All input dictionaries to the IAllocator must carry the following keys:
a dictionary with the data for the cluster’s node groups; it is keyed on the group UUID, and the values are a dictionary with the following keys:
a dictionary with the data for the current existing instance on the cluster, indexed by instance name; the contents are similar to the instance definitions for the allocate mode, with the addition of:
dictionary with the data for the nodes in the cluster, indexed by the node name; the dict contains [*] :
No allocations should be made on nodes having either the drained or offline flags set. More details about these of node status flags is available in the manpage ganeti(7).
[*] | Note that no run-time data is present for offline, drained or non-vm_capable nodes; this means the tags total_memory, reserved_memory, free_memory, total_disk, free_disk, total_cpus, i_pri_memory and i_pri_up memory will be absent |
All input dictionaries to the IAllocator carry, in the request dictionary, detailed information about the operation that’s being requested. The required keys vary depending on the type of operation, as follows.
In all cases, it includes:
- type
the request type; this can be either allocate, relocate, change-group or node-evacuate. The allocate request is used when a new instance needs to be placed on the cluster. The relocate request is used when an existing instance needs to be moved within its node group.

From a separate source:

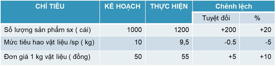 Trong bảng dưới đây, cho thấy theo kế hoạch Doanh nghiệp sẻ tiến hành sx 1000 sp, với mức tiêu hao 10kg nguyên vật liệu cho một sp. Tuy nhiên khi tiến hành DN đã thay đổi kế hoạch với chính sách mới dùng một loại nguyên vật liệu khác có mức tiêu hao 9,5 kg/sp và vì thế đả sx được 1200 sp nhưng với giá 55 đ thay vì chỉ 50 đ như kế hoạch củ.

The multi-evacuate protocol used to request that the script computes the optimal relocate solution for all secondary instances of the given nodes. It is now deprecated and needs only be implemented if backwards compatibility with Ganeti 2.4 and lower is needed.
The change-group request is used to relocate multiple instances across multiple node groups. node-evacuate evacuates instances off their node(s). These are described in a separate design document.
The multi-allocate request is used to allocate multiple instances on the cluster. The request is beside of that very similiar to the allocate one. For more details look at Ganeti bulk create.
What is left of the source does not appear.